Hi, I'm having trouble with this feature. I tried the workflow in the Wiki:

downloading and using a BLAST database

update_blastdb.pl --decompress --blastdb_version 5 swissprot ./diamond blastp -d swissprot -q queries.fasta -o matches.tsv

I tried this with a bioconda install of version 2.0.9 as well as an installation straight from the Github source and in both instances got "Error: This executable was not compiled with support for BLAST databases."

Is the conclusion from the above that you have to make the blastdb yourself? Or have I missed something?

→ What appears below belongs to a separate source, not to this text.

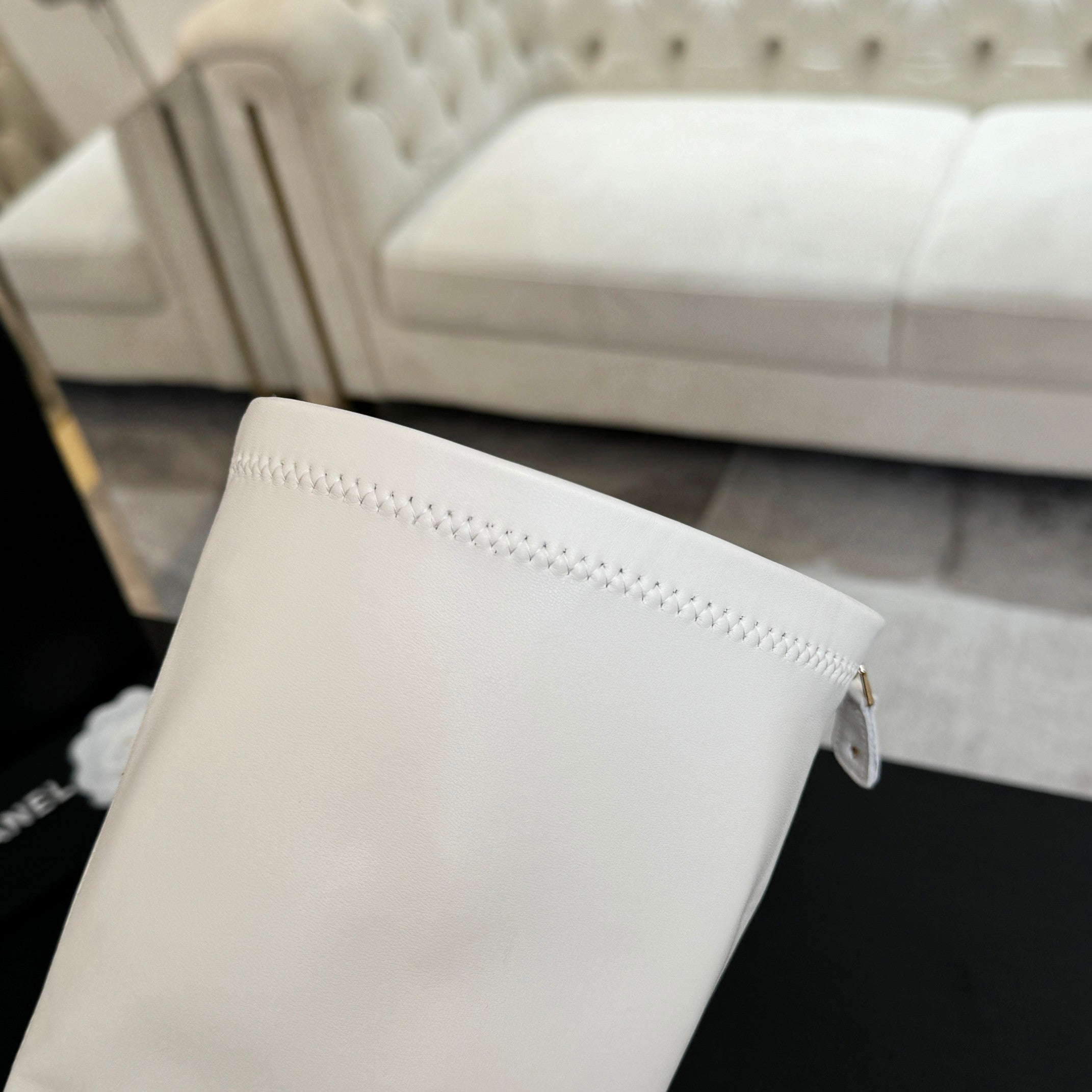 CC 24 FW Knee-High Boots with Chain 70mm White Black Cowhide 447184

bbuchfink commented 3 years ago

The conda version does not yet support this, you can download the prebuilt binary: http://github.com/bbuchfink/diamond/releases/download/v2.0.9/diamond-linux64.tar.gz

When compiling from source, some additional steps need to be taken to enable blast db support (see the installation page).

nwheeler443 commented 3 years ago

Ahh great, that seems to be working! Thanks!

FredericBGA commented 3 years ago

Hi, a quick reply to say that I managed to compile diamond. My issue was related to a lack of binutils tools.

bbuchfink commented 3 years ago

Since v2.0.10, using a BLAST database now requires a diamond prepdb call. But in return, performance for loading in the database has been largely improved, and using a BLAST database should now be substantially faster than using a .dmnd file.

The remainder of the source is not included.